WHAT NEEDS TO BE DONE | Taking the data below, please print only the lines from the line holding "2016: Opened all" to the line holding "Цели и задачи", inclusive, with pictures omitted.

RECORDS PROVIDED |
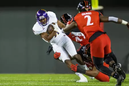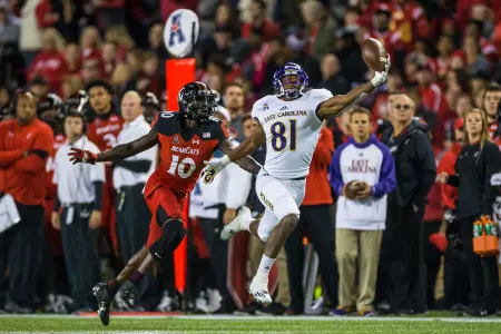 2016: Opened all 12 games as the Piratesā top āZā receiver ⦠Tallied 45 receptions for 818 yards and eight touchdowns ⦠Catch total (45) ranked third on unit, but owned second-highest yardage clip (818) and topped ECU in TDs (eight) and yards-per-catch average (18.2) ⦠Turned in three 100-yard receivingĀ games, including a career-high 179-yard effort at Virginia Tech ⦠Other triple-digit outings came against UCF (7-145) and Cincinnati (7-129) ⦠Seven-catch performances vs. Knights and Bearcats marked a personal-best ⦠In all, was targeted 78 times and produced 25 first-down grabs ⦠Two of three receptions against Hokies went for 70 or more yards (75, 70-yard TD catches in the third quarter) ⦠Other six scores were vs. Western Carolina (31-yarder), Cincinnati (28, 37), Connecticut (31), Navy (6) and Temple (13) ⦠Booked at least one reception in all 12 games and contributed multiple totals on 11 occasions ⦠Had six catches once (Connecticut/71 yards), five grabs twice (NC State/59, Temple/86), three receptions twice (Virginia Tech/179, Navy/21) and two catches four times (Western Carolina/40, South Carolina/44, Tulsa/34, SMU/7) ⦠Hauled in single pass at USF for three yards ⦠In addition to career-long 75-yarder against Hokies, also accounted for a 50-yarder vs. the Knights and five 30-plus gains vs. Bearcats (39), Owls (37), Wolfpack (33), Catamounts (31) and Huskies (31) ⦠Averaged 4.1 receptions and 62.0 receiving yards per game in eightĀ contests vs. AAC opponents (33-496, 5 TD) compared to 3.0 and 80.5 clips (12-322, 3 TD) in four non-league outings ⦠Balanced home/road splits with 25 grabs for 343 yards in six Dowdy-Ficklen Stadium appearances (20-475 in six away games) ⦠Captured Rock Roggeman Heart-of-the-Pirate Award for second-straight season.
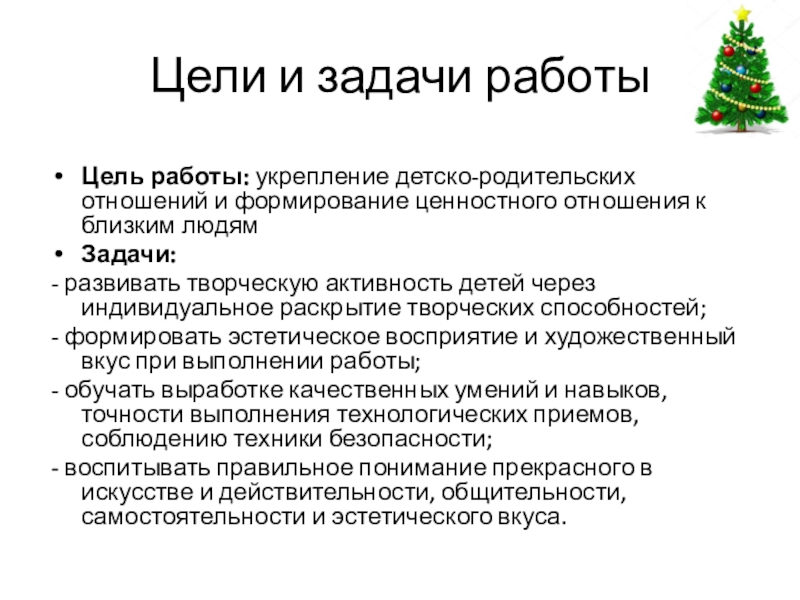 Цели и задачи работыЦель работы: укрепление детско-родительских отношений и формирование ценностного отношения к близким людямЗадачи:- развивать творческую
* * *
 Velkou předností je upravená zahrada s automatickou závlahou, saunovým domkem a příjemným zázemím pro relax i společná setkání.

SOLVED EXERCISE |
 2016: Opened all 12 games as the Piratesā top āZā receiver ⦠Tallied 45 receptions for 818 yards and eight touchdowns ⦠Catch total (45) ranked third on unit, but owned second-highest yardage clip (818) and topped ECU in TDs (eight) and yards-per-catch average (18.2) ⦠Turned in three 100-yard receivingĀ games, including a career-high 179-yard effort at Virginia Tech ⦠Other triple-digit outings came against UCF (7-145) and Cincinnati (7-129) ⦠Seven-catch performances vs. Knights and Bearcats marked a personal-best ⦠In all, was targeted 78 times and produced 25 first-down grabs ⦠Two of three receptions against Hokies went for 70 or more yards (75, 70-yard TD catches in the third quarter) ⦠Other six scores were vs. Western Carolina (31-yarder), Cincinnati (28, 37), Connecticut (31), Navy (6) and Temple (13) ⦠Booked at least one reception in all 12 games and contributed multiple totals on 11 occasions ⦠Had six catches once (Connecticut/71 yards), five grabs twice (NC State/59, Temple/86), three receptions twice (Virginia Tech/179, Navy/21) and two catches four times (Western Carolina/40, South Carolina/44, Tulsa/34, SMU/7) ⦠Hauled in single pass at USF for three yards ⦠In addition to career-long 75-yarder against Hokies, also accounted for a 50-yarder vs. the Knights and five 30-plus gains vs. Bearcats (39), Owls (37), Wolfpack (33), Catamounts (31) and Huskies (31) ⦠Averaged 4.1 receptions and 62.0 receiving yards per game in eightĀ contests vs. AAC opponents (33-496, 5 TD) compared to 3.0 and 80.5 clips (12-322, 3 TD) in four non-league outings ⦠Balanced home/road splits with 25 grabs for 343 yards in six Dowdy-Ficklen Stadium appearances (20-475 in six away games) ⦠Captured Rock Roggeman Heart-of-the-Pirate Award for second-straight season.
 Цели и задачи работыЦель работы: укрепление детско-родительских отношений и формирование ценностного отношения к близким людямЗадачи:- развивать творческую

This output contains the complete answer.